Rabbi clears out prayer notes from Western Wall

Operation is carried out twice a year; notes are buried on Mount of Olives after removal from wall.

By
April 15, 2008 17:16
1 minute read.
western wall 298.88

western wall 224.88. (photo credit: AP)

Poking into crevices between the ancient stones of the Western Wall in the Old City of Jerusalem, a senior rabbi and his helpers on Tuesday removed thousands of handwritten notes placed there by visitors who believe their requests will find a shortcut to God by being deposited at Judaism's holiest site. The operation is carried out twice each year: before the Passover festival which begins this weekend and at the Jewish New Year in the fall. "Millions of people place notes here at the Western Wall with their requests, we take them out in order that more people can place these notes," said the site's rabbi, Shmuel Rabinowitz. "So that these notes are not defiled and don't fall out, we collect then in a seemly and respectful way and bury them on the Mount of Olives," just across a valley from the Old City.
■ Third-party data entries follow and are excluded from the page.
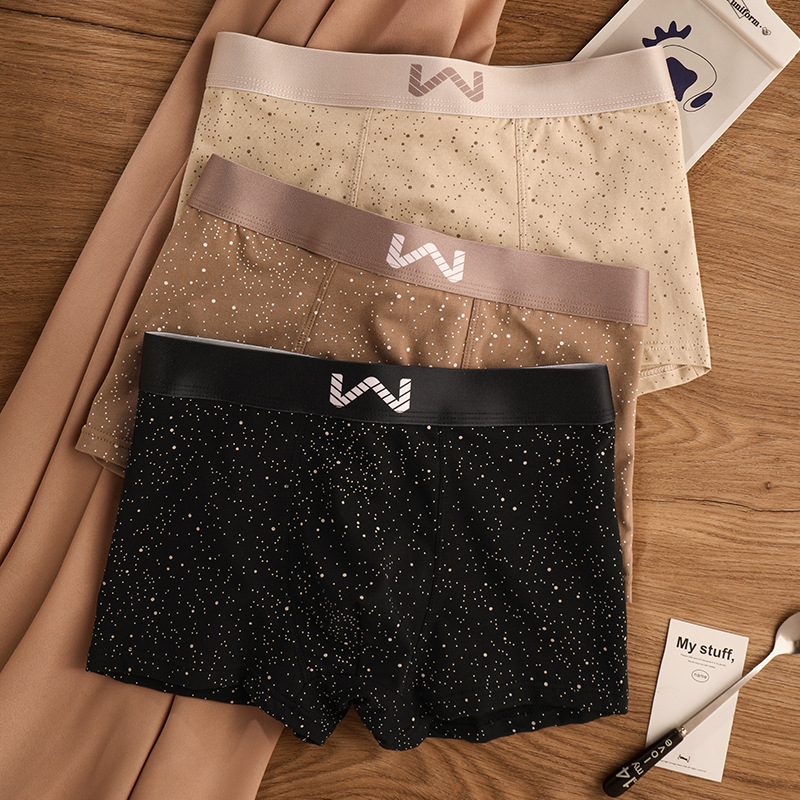 남성 속옷 남성용 복서 코튼 별이 빛나는 하늘 인쇄 항균 크로트 통기성 중간 허리 남성 복서 속옷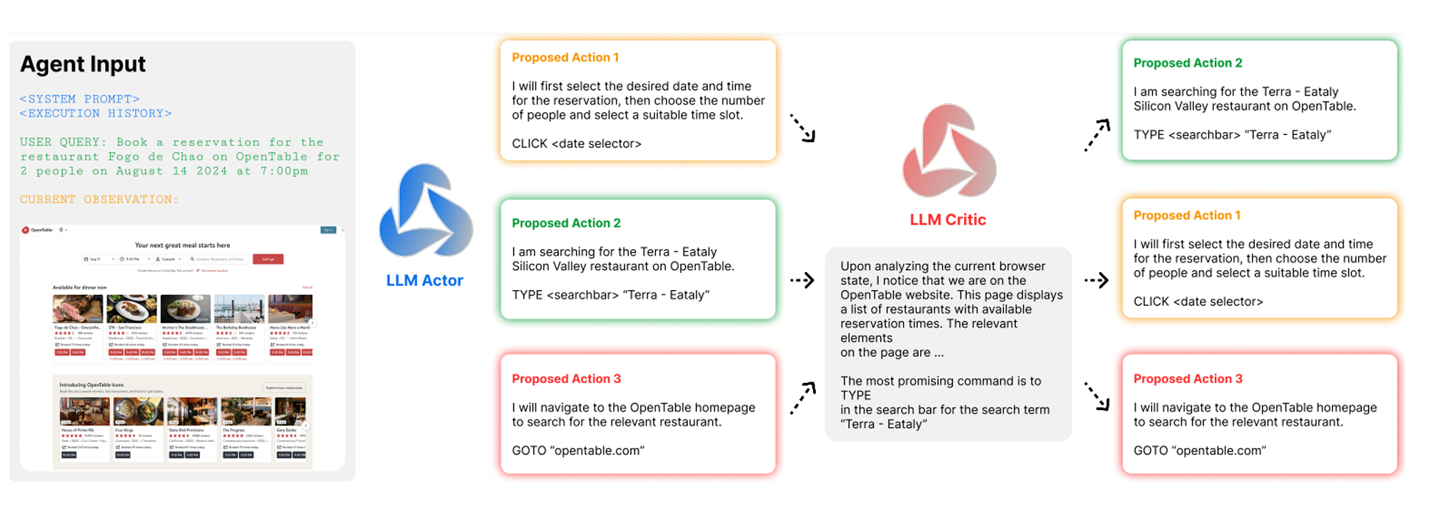 - 策略(Actor)提出动作:在当前网页状态(Agent Input)下,主模型(LLM Actor)生成多个可能的下一步动作。
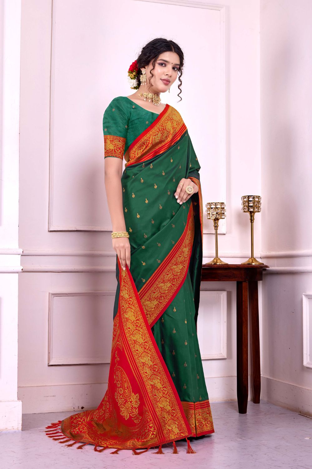 With Rich Pallu And Contrast Blouse. Check the image of the blouse piece to understand how the actual blouse piece looks like.

Rabinowitz and a squad of helpers coaxed the pieces of paper from the crevices with sticks. The notes fell to the ground and were scooped in handfuls into plastic-lined garbage bins for later transfer to the ancient Jewish cemetery. As Jewish religious practice forbids the destruction of any written material that includes one of the names of God, worn or damaged Torah scrolls, prayer books and other religious articles are buried. "We treat these notes as holy, as something that people wrote to the creator," Rabinowitz said. "We treat them according to Jewish law and inter them along with all holy writings." He said neither he nor his staff read the notes. "It's like a prayer, it's an expression of a person's request from the heart to the Creator," he added. For those unable to reach the wall in person, religious and postal authorities deliver notes that arrive by mail, e-mail or SMS. Postal authorities say letters, some addressed simply to God, come from all corners of the globe, including a few from predominantly Muslim nations like Indonesia. Rabinowitz said the ancient temple, built by King Solomon, was intended as a house of prayer for all nations. "God promised that every prayer uttered here would be heard in heaven, from Jews and gentiles alike," he said.